My second area of interest includes studies on dietary restriction (DR) and rapamycin. Both interventions extend lifespan and healthspan in rodents, and previous data suggest that rapamycin could be acting in a similar way to DR. To test this, I’m developing a study involving four different feeding groups of mice: ad libitum, DR, rapamycin, and rapamycin-DR. If rapamycin acts like DR, DR should not have any additional effect on lifespan in the rapamycin-DR group. The outcome of this study may have a big impact on the aging field, providing a better understanding of and new insights into the aging process and new prospects for the development of DR mimetics.

Principal Investigator: Adrian Gombart, Ph.D.
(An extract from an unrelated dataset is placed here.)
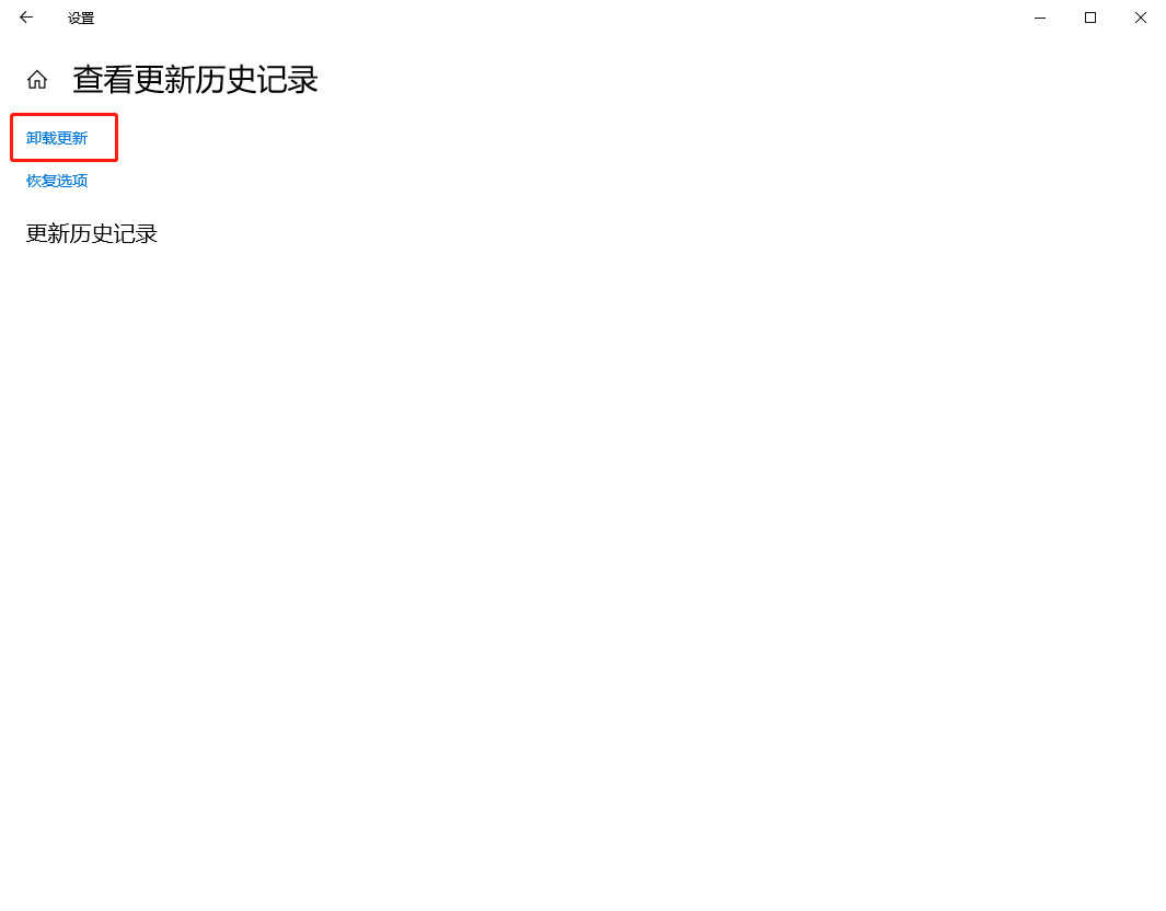 打开设置——》更新和安全----》 Windows更新----》“查看更新历史记录----》卸载更新

Our research is focused on understanding the regulation of antimicrobial peptide expression by the vitamin D pathway. When immune cells called macrophages encounter a pathogen and become activated, the vitamin D pathway is turned on, leading to the induction of the cathelicidin antimicrobial peptide if serum levels of vitamin D are sufficient. We have shown that this mechanism is conserved in humans and primates but not in other mammals. Therefore, we developed a transgenic mouse that carries the human cathelicidin gene. Using this model, we are testing the ability of vitamin D to protect against infection by influenza, Salmonella, and Mycobacterium tuberculosis. Vitamin D has been used to treat tuberculosis, and its deficiency is associated with increased risk of tuberculosis. This model will allow us to test the role of vitamin D and cathelicidin during initial infection, latency, and reactivation.

Another focus of our research is to identify additional dietary compounds that regulate the expression of the cathelicidin gene. This gene is also induced by sodium butyrate and lithocholic acid, which functions through the vitamin D receptor. Nutrients that bind the vitamin D receptor may modulate the immune system by inducing the cathelicidin gene. We discovered that curcumin in curry modestly induces expression of the cathelicidin gene, which could protect the gut from infection. In collaboration with colleagues at Cedars-Sinai Medical Center, we discovered that vitamin B₃ (niacin) boosts killing of methicillin-resistant Staphylococcus aureus (MRSA) by white blood cells, in part, by increasing cathelicidin levels. A small molecule library is being screened for regulators of the cathelicidin gene. The identification of new regulatory compounds may give clues as to how the gene is regulated in vivo and lead to the identification of other nutrients that can be used to boost the immune system.

Finally, we are interested in determining the effect of vitamin D on the function of the innate immune system in the elderly. Aging is accompanied by low-grade, chronic, systemic inflammation, and vitamin D has important anti-inflammatory properties. We want to determine if sufficient levels of vitamin D will reduce the inflammatory phenotype. We also want to determine if reversing severe deficiency will raise cathelicidin protein levels in the blood, which may reduce mortality in kidney dialysis and sepsis patients.